Groza sytuacji przeniknęła Zygfryda do szpiku kości. Nie żeby często bywał w aż tak skrajnych sytuacjach jednak szybko dodawał dwa do dwóch. Stworów było bodajże sześć. Dwie kule ognia puszczone przez krasnoluda w środek przeciwników wyglądały jakby nie wywołały żadnego efektu. To znaczy widać było, że jedna przeszła na wylot, a druga nieźle przypaliła jednego ze stworów, ale niczego to nie zmieniło.
Elf zaczął wywijać mieczem jednak efekt był podobny prawdopodobnie to walenia trolla łyżką do mieszania w kotle.
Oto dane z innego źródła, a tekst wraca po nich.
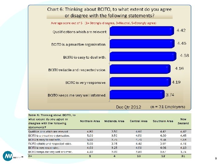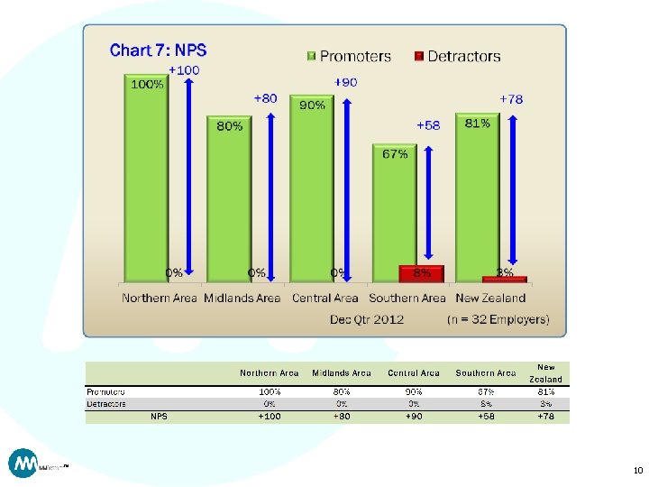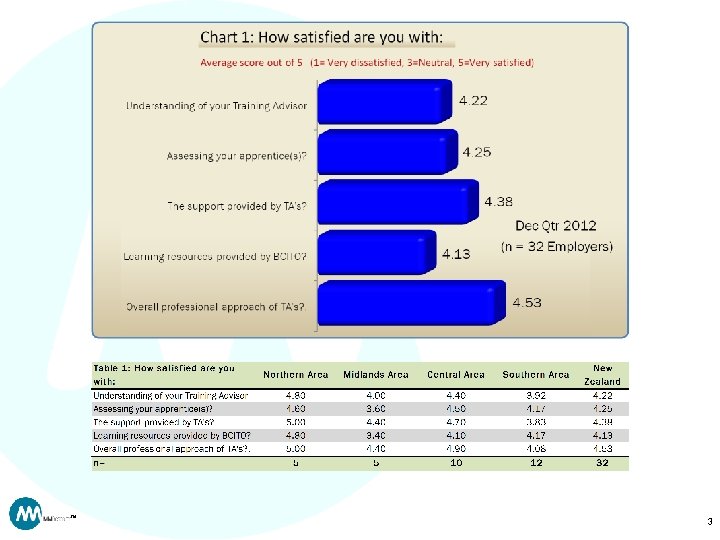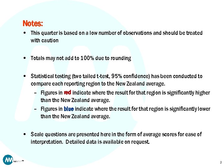 Notes: • This quarter is based on a low number of observations and should be treated with caution • Totals may not add to 100% due to rounding • Statistical testing (two tailed t-test, 95% confidence) has been conducted to compare each reporting region to the New Zealand average. – Figures in red indicate where the result for that region is significantly higher than the New Zealand average. – Figures in blue indicate where the result for that region is significantly lower than the New Zealand average. • Scale questions are presented here in the form of average scores for ease of interpretation. Detailed data is available on request. TM 2

Sytuacja w ciągu mgnienia sekund zmieniła się dramatycznie. Nie chciał tego lub raczej wolałby tego uniknąć, żeby nie zostać rozpoznanym jako nekromanta. Jednak życie i zdrowie własne było najważniejsze. Musiał wierzyć w dobry los i że może ujdzie mu to płazem. Głupio by było uratować życie towarzyszy by potem za ten czyn zapłacić swoim.
Nie musiał szukać składniku czaru gdyż od dłuższej chwili nerwowo zaciskał dłoń w kieszeni na fiolce wody pobłogosławionej przez kapłana. Sam nie zauważył kiedy usta zaczęły wypowiadać zaklęcie. Po chwili czar zniszczenie ożywieńca eksplodował w pomieszczeniu.
Oby to pomogło. Zdążył się jeszcze pomodlić w duchu Zygfryd.